### Assignment
The copy you return should hold only the lines from the top of the data below through the line with "- Click the", each duplicated exactly and with no pictures.

### Source material
━━━━━━━━━━━━━━━━━━━━

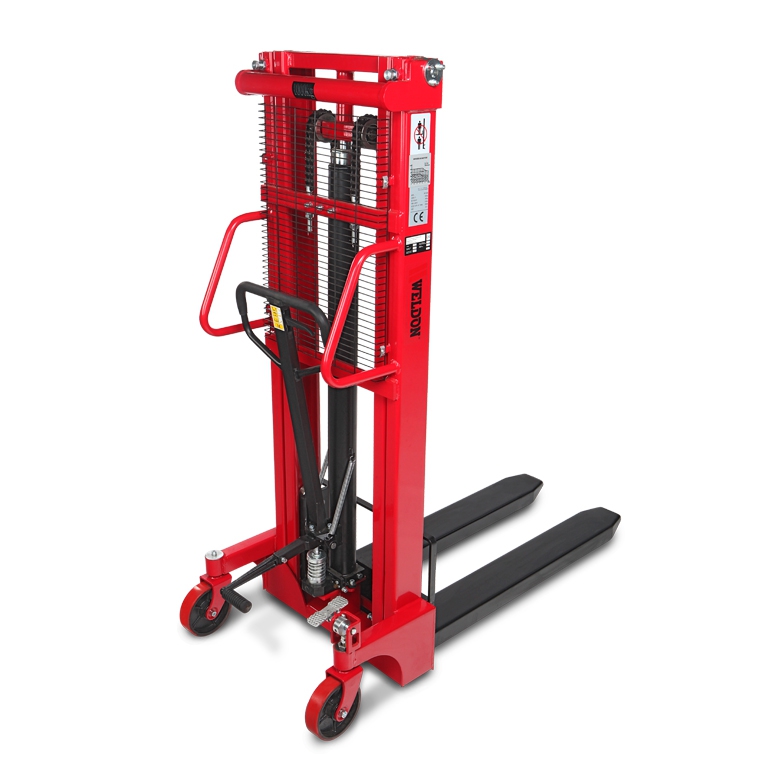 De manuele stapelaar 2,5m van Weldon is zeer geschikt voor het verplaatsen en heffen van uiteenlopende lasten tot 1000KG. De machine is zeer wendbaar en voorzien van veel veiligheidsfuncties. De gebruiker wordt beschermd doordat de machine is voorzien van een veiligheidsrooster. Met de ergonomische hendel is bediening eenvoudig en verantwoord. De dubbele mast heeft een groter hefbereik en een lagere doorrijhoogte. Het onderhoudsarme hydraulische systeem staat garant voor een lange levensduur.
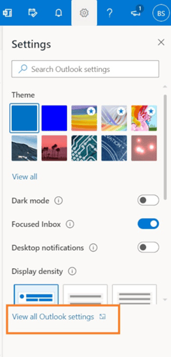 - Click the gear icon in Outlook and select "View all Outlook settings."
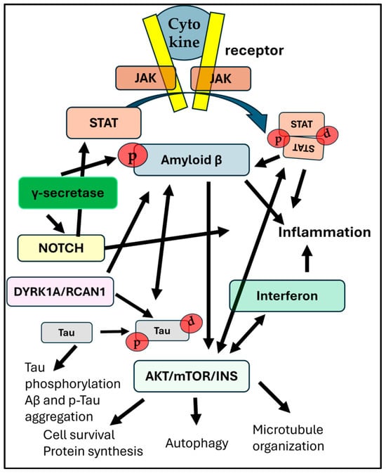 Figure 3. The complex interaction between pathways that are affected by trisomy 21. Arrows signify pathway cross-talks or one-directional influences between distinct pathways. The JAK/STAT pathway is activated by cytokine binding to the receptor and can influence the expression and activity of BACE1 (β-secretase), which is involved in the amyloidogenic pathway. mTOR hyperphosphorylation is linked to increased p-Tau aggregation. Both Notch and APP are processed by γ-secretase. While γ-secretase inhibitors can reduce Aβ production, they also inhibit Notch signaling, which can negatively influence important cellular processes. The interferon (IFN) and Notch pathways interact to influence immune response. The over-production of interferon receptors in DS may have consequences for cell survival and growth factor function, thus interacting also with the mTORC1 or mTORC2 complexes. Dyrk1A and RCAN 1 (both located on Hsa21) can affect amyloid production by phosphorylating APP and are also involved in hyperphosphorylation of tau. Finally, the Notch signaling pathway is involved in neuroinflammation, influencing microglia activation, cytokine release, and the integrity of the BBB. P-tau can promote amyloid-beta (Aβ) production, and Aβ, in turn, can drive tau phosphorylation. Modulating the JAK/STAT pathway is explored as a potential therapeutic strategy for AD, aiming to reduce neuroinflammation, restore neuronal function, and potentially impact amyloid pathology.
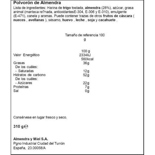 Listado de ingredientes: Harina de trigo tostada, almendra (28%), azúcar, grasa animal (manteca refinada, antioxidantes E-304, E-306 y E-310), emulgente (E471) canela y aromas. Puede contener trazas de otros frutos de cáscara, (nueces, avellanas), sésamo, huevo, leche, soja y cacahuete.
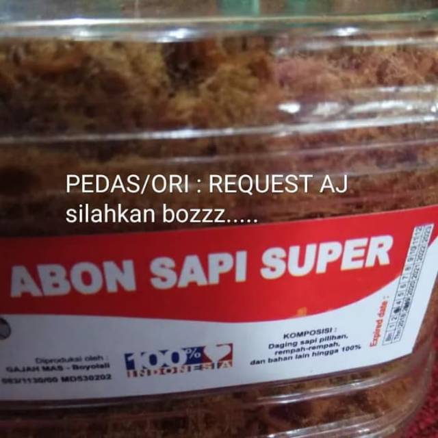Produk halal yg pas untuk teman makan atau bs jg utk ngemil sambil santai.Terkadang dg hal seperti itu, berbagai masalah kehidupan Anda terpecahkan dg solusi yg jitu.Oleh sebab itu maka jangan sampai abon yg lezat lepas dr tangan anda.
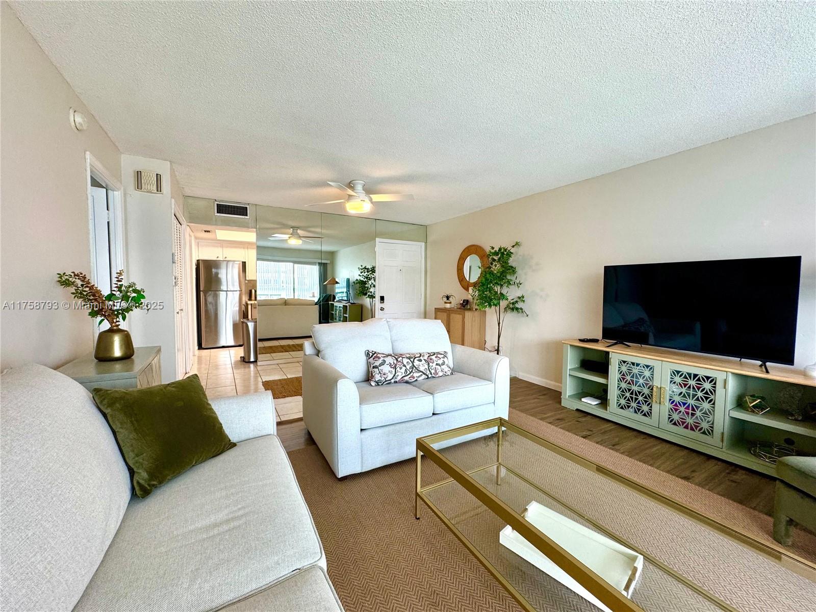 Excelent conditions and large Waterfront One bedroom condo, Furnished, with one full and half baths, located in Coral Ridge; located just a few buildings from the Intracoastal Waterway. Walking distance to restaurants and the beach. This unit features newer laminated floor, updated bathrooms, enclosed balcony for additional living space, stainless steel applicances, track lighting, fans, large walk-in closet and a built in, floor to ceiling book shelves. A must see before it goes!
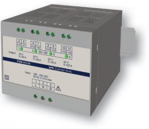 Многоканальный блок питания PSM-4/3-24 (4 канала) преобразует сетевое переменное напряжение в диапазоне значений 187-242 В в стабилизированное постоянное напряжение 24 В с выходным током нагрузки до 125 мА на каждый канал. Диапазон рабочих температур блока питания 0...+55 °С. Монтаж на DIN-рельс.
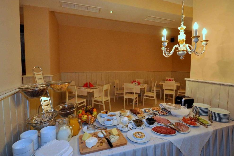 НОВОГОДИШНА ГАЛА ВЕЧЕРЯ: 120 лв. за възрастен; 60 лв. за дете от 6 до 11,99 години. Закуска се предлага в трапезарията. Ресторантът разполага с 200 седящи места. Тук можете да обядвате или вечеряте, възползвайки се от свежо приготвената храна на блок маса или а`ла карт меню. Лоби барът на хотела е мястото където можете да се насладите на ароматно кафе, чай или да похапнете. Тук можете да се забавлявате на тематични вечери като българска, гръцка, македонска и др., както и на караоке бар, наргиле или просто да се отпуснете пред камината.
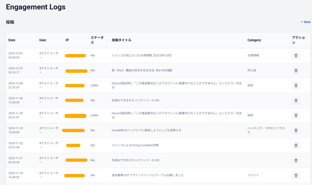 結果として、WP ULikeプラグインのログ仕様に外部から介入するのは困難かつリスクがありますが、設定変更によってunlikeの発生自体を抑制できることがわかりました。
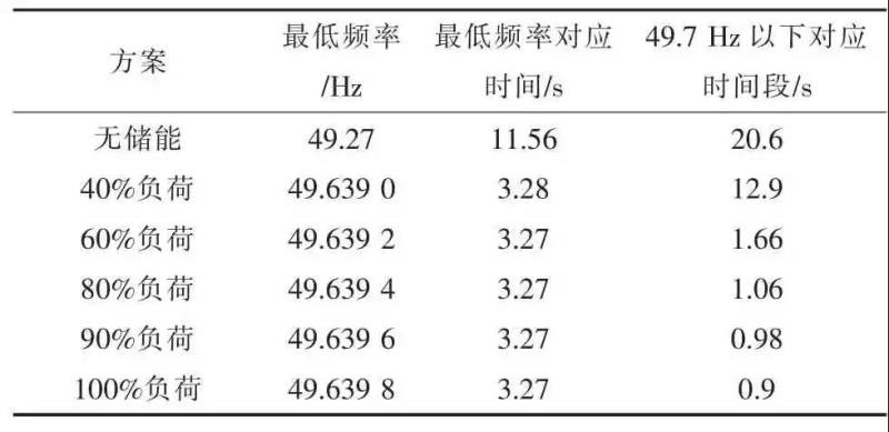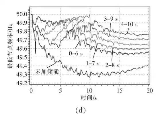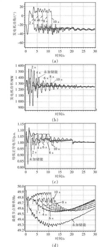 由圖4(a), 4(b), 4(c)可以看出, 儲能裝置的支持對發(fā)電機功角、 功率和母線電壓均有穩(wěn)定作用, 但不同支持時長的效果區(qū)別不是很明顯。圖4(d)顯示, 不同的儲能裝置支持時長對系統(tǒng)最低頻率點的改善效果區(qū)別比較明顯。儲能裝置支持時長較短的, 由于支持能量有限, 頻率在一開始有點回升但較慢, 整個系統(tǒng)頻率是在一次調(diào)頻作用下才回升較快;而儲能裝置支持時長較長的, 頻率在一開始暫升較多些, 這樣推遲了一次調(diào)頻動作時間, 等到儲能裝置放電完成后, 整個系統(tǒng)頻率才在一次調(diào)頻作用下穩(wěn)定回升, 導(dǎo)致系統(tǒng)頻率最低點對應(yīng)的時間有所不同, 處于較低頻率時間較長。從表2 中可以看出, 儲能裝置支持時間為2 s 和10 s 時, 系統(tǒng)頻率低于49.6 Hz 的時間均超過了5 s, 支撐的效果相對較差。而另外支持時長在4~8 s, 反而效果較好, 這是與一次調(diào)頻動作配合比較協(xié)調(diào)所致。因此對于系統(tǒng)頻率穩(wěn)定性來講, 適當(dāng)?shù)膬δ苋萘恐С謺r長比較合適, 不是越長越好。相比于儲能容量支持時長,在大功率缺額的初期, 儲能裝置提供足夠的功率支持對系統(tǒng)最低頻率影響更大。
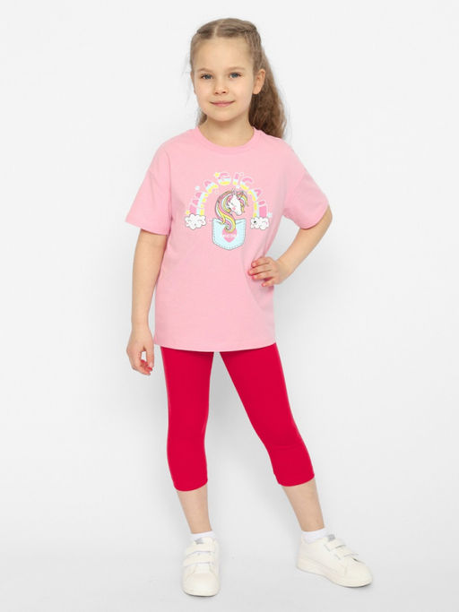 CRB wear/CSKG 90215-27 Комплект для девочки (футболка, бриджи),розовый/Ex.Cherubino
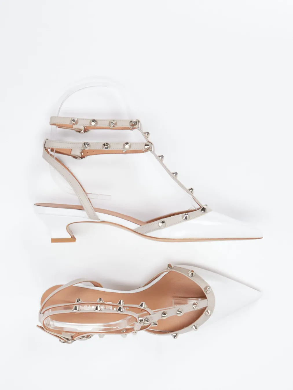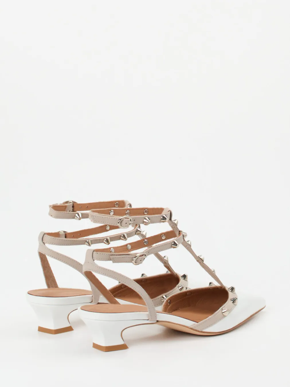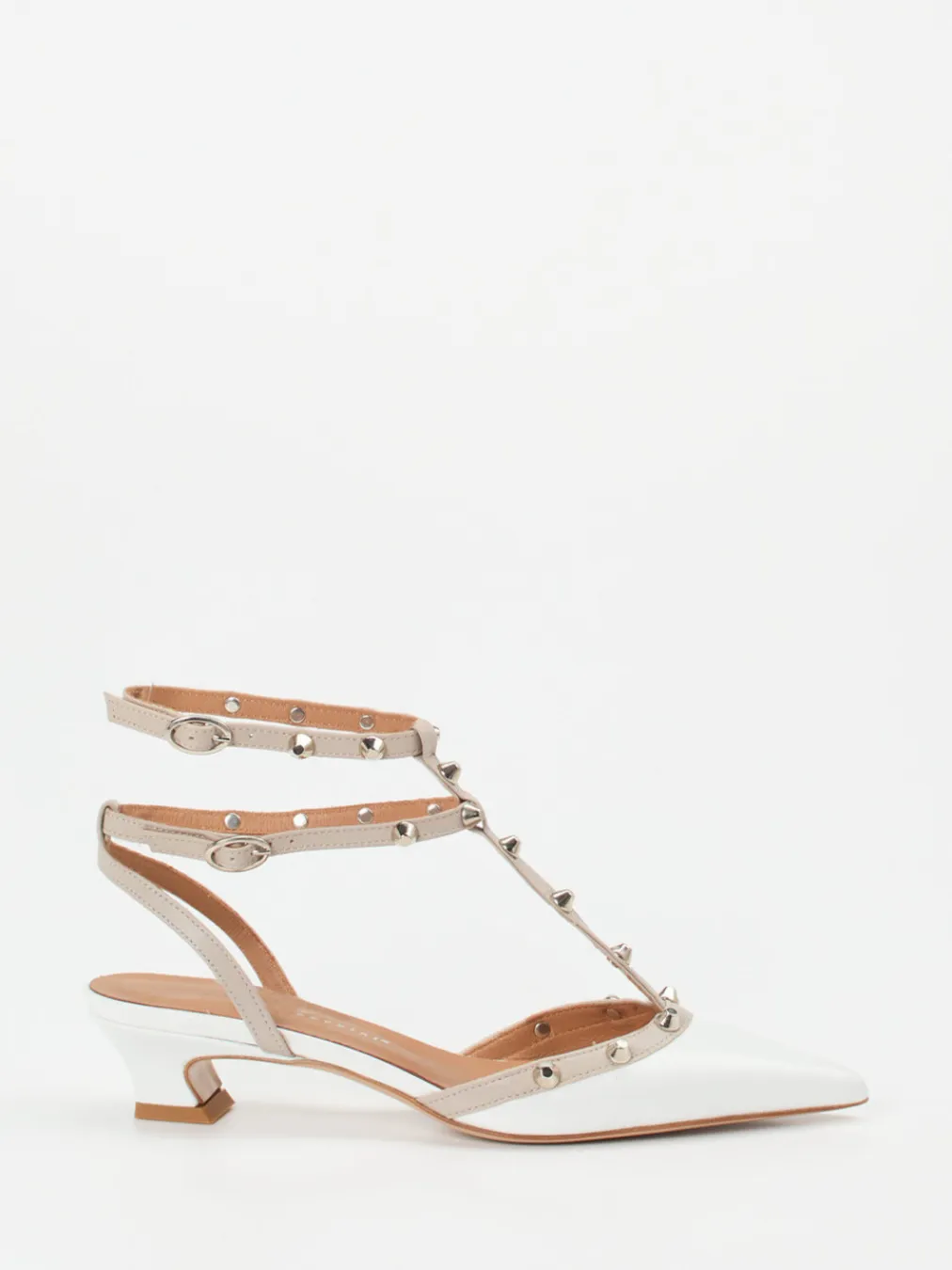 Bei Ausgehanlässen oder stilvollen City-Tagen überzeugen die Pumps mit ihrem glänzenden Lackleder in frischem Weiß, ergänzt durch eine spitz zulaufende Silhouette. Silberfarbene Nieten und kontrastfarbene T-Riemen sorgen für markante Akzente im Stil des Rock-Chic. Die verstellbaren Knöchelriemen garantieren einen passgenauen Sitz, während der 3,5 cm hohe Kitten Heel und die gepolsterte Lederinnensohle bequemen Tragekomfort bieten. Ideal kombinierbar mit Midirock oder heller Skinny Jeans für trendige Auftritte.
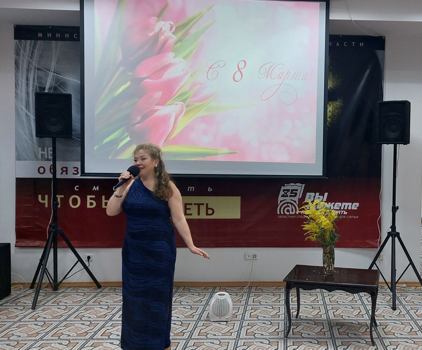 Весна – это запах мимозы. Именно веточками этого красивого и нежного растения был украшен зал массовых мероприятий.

━━━━━━━━━━━━━━━━━━━━

### Output of the exercise
 De manuele stapelaar 2,5m van Weldon is zeer geschikt voor het verplaatsen en heffen van uiteenlopende lasten tot 1000KG. De machine is zeer wendbaar en voorzien van veel veiligheidsfuncties. De gebruiker wordt beschermd doordat de machine is voorzien van een veiligheidsrooster. Met de ergonomische hendel is bediening eenvoudig en verantwoord. De dubbele mast heeft een groter hefbereik en een lagere doorrijhoogte. Het onderhoudsarme hydraulische systeem staat garant voor een lange levensduur.
 - Click the gear icon in Outlook and select "View all Outlook settings."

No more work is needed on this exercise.